▶ **The problem**
Print the records below exactly, with no pictures.

▶ **Information provided**
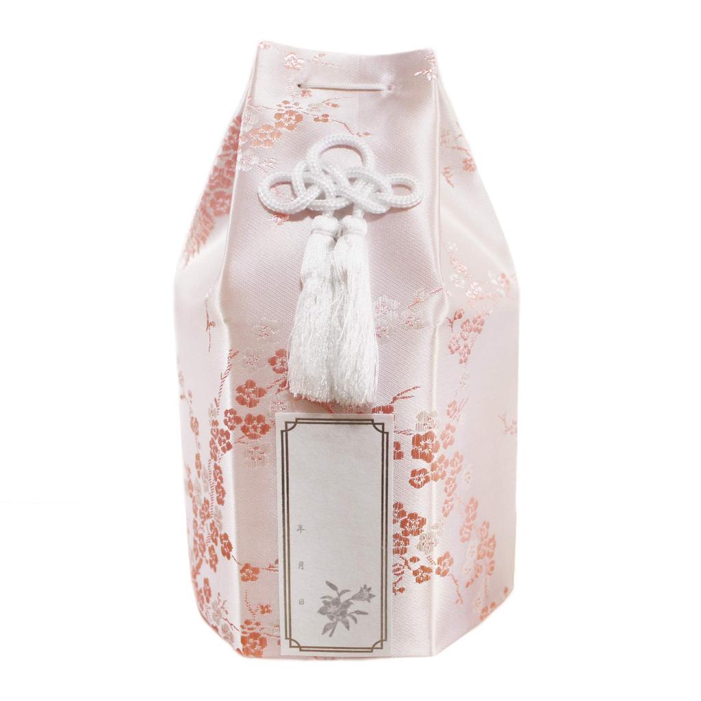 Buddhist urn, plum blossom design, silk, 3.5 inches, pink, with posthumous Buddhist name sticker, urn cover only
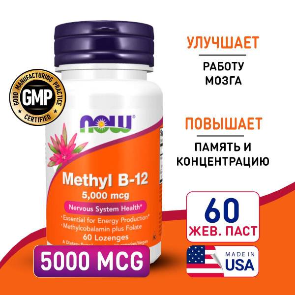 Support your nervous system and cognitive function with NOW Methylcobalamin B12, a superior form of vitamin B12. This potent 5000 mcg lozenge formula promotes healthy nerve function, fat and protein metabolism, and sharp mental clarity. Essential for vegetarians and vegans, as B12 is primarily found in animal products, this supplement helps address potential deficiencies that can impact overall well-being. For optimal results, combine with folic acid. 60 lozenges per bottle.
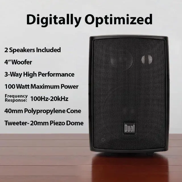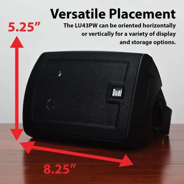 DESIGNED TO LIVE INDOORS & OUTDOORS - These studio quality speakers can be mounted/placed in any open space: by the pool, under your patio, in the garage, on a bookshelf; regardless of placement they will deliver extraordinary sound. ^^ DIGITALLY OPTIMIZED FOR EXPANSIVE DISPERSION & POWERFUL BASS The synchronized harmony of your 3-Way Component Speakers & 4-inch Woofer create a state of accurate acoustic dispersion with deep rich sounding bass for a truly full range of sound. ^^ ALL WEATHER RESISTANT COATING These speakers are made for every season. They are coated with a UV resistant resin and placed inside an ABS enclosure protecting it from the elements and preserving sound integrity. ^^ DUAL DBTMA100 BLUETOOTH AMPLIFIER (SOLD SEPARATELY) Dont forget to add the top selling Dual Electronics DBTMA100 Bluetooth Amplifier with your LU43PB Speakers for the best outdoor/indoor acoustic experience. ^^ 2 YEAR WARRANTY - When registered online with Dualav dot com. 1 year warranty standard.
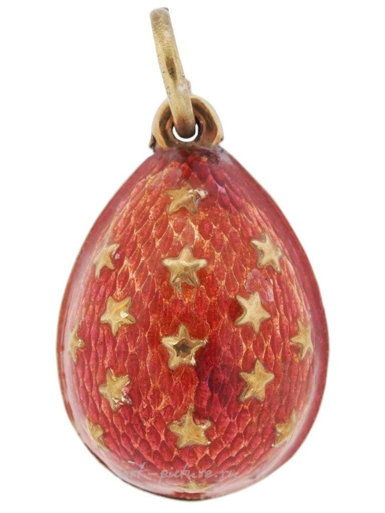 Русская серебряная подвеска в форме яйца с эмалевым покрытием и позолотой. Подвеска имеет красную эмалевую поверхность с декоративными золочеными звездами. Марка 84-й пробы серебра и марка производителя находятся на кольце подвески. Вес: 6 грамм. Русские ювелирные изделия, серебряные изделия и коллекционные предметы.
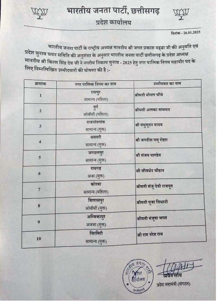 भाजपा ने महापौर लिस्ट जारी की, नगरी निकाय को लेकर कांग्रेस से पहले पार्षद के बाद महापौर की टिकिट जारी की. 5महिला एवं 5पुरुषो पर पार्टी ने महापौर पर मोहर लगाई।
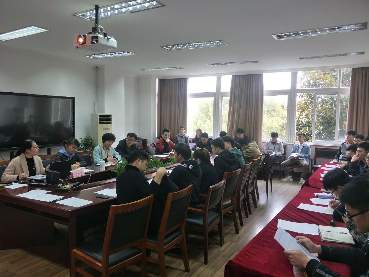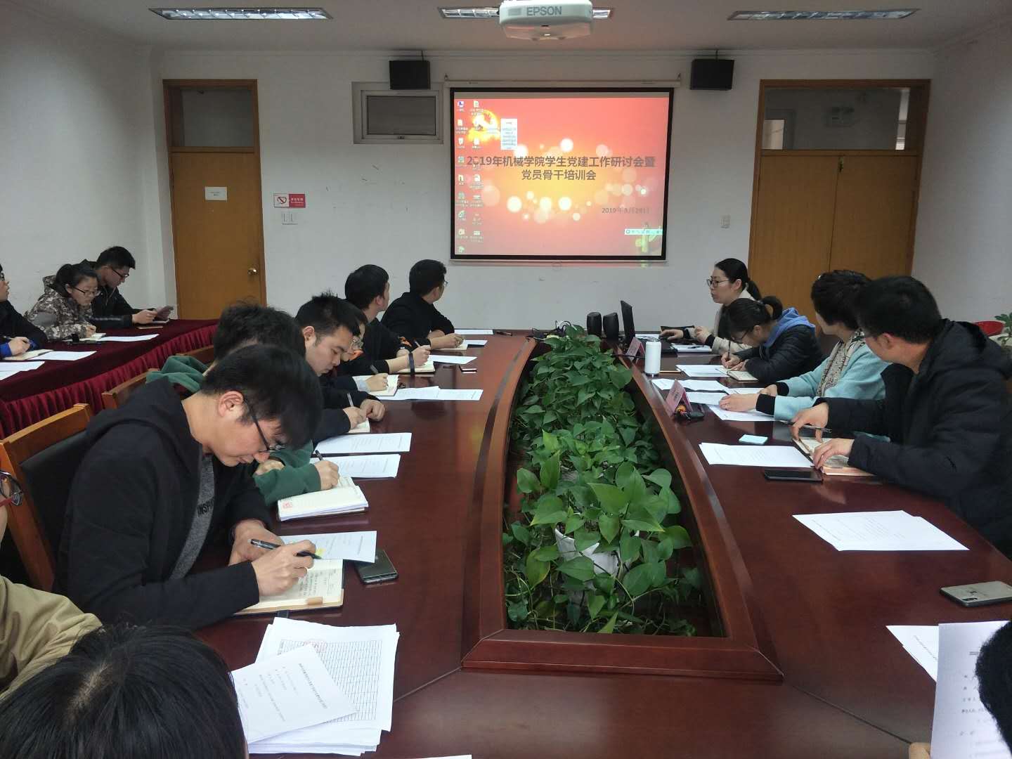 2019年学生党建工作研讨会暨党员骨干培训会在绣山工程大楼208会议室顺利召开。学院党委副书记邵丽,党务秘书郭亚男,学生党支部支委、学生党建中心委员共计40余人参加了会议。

▶ **Answer below**
 Buddhist urn, plum blossom design, silk, 3.5 inches, pink, with posthumous Buddhist name sticker, urn cover only
 Support your nervous system and cognitive function with NOW Methylcobalamin B12, a superior form of vitamin B12. This potent 5000 mcg lozenge formula promotes healthy nerve function, fat and protein metabolism, and sharp mental clarity. Essential for vegetarians and vegans, as B12 is primarily found in animal products, this supplement helps address potential deficiencies that can impact overall well-being. For optimal results, combine with folic acid. 60 lozenges per bottle.
 DESIGNED TO LIVE INDOORS & OUTDOORS - These studio quality speakers can be mounted/placed in any open space: by the pool, under your patio, in the garage, on a bookshelf; regardless of placement they will deliver extraordinary sound. ^^ DIGITALLY OPTIMIZED FOR EXPANSIVE DISPERSION & POWERFUL BASS The synchronized harmony of your 3-Way Component Speakers & 4-inch Woofer create a state of accurate acoustic dispersion with deep rich sounding bass for a truly full range of sound. ^^ ALL WEATHER RESISTANT COATING These speakers are made for every season. They are coated with a UV resistant resin and placed inside an ABS enclosure protecting it from the elements and preserving sound integrity. ^^ DUAL DBTMA100 BLUETOOTH AMPLIFIER (SOLD SEPARATELY) Dont forget to add the top selling Dual Electronics DBTMA100 Bluetooth Amplifier with your LU43PB Speakers for the best outdoor/indoor acoustic experience. ^^ 2 YEAR WARRANTY - When registered online with Dualav dot com. 1 year warranty standard.
 Русская серебряная подвеска в форме яйца с эмалевым покрытием и позолотой. Подвеска имеет красную эмалевую поверхность с декоративными золочеными звездами. Марка 84-й пробы серебра и марка производителя находятся на кольце подвески. Вес: 6 грамм. Русские ювелирные изделия, серебряные изделия и коллекционные предметы.
 भाजपा ने महापौर लिस्ट जारी की, नगरी निकाय को लेकर कांग्रेस से पहले पार्षद के बाद महापौर की टिकिट जारी की. 5महिला एवं 5पुरुषो पर पार्टी ने महापौर पर मोहर लगाई।
 2019年学生党建工作研讨会暨党员骨干培训会在绣山工程大楼208会议室顺利召开。学院党委副书记邵丽,党务秘书郭亚男,学生党支部支委、学生党建中心委员共计40余人参加了会议。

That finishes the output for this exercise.